# Work item
Every line from the start of the data through the line containing "Joey Ramone’s personally-owned" should be retyped exactly; the pictures should not.

[Data items]
════════

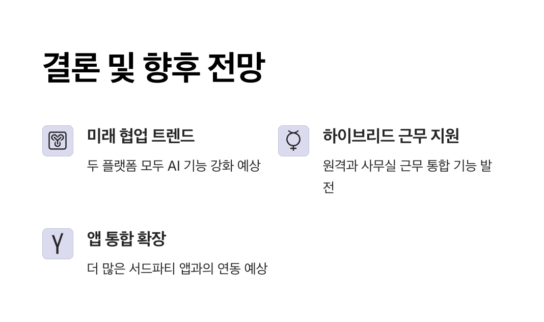 | 업무 연결성 | 회의 중심 | 회의 + 협업 완전 통합 |
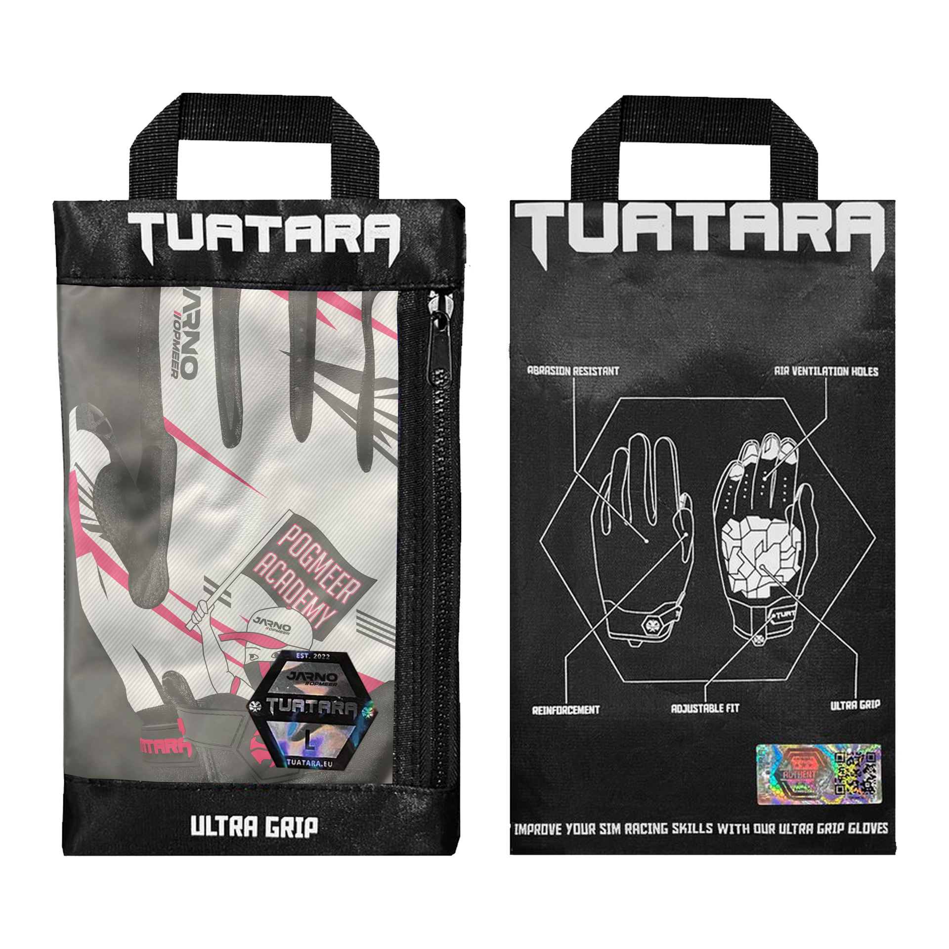 Step into style with our white Racing Gloves, inspired by the obstacles on the path to success and the drive to be the fastest. These gloves not only exudes comfort but also a subtle yet striking flair. The all-over pattern, reminiscent of these obstacles, gives a unique and dynamic look, symbolizing the challenges overcome on the journey to greatness. In collaboration with Tuatara.
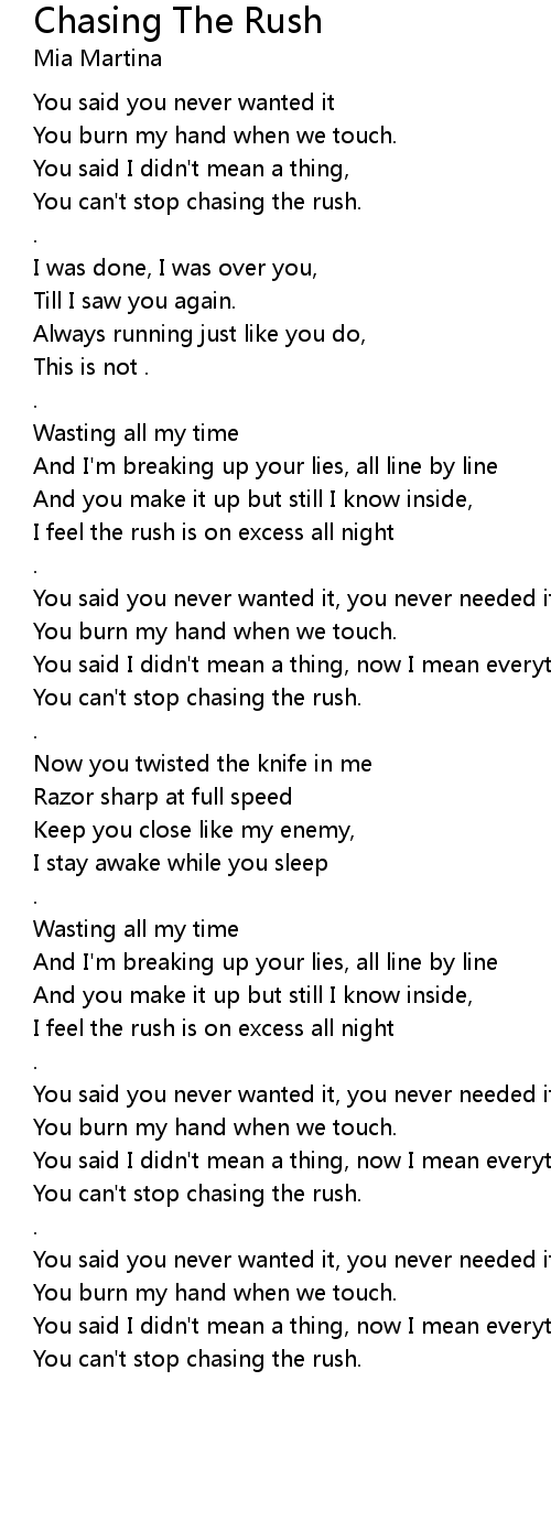 You can't stop chasing the rush. |
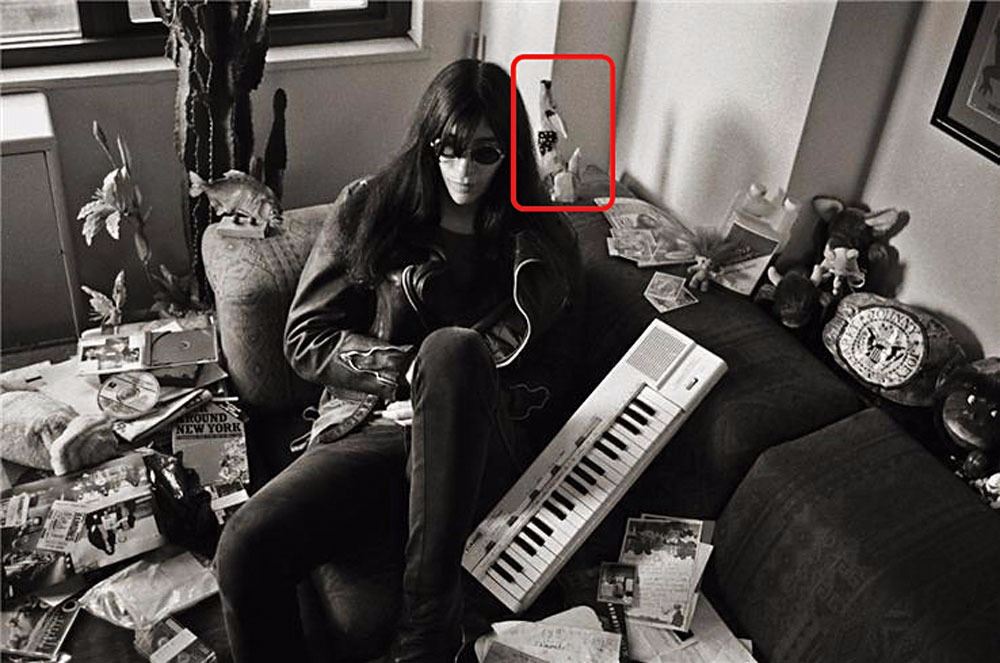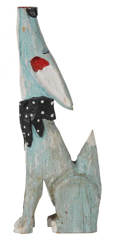 Joey Ramone’s personally-owned wooden hand-painted coyote artwork, 4 x 11 x 1.5, depicting a howling blue coyote wearing a black-and-white polka dot bandana. Bottom is etched with artist’s initials, “U. G.” In fine condition. Accompanied by a letter of authenticity from the Joey Ramone Estate.
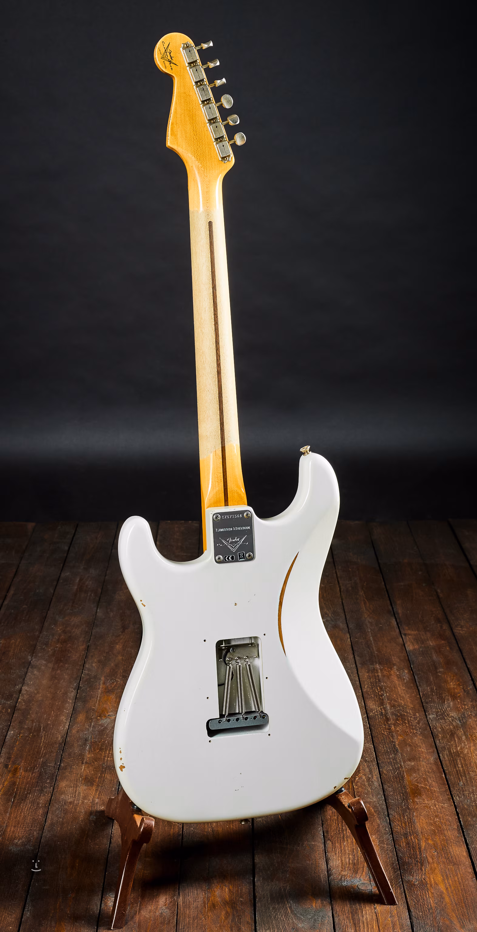 Drei handgewickelte Poblano Strat Single-Coil-Tonabnehmer mit Alnico 3- und 5-Magneten und fein gewickelten Spulen sind speziell für die jeweilige Position kalibriert und verleihen der Fender Strat einen Sound und ein Spielgefühl mit etwas mehr Glanz und Glut als normale Single-Coils bieten. Mit den Standardreglern lassen sich die Klangeinstellungen anpassen. Die Saiten sind in der Vintage-Mechanik und dem synchronisierten Tremolo des Unternehmens montiert. Die Gitarre wird in einem Koffer und mit einem Echtheitszertifikat geliefert.

════════

# Response
 | 업무 연결성 | 회의 중심 | 회의 + 협업 완전 통합 |
 Step into style with our white Racing Gloves, inspired by the obstacles on the path to success and the drive to be the fastest. These gloves not only exudes comfort but also a subtle yet striking flair. The all-over pattern, reminiscent of these obstacles, gives a unique and dynamic look, symbolizing the challenges overcome on the journey to greatness. In collaboration with Tuatara.
 You can't stop chasing the rush. |
 Joey Ramone’s personally-owned wooden hand-painted coyote artwork, 4 x 11 x 1.5, depicting a howling blue coyote wearing a black-and-white polka dot bandana. Bottom is etched with artist’s initials, “U. G.” In fine condition. Accompanied by a letter of authenticity from the Joey Ramone Estate.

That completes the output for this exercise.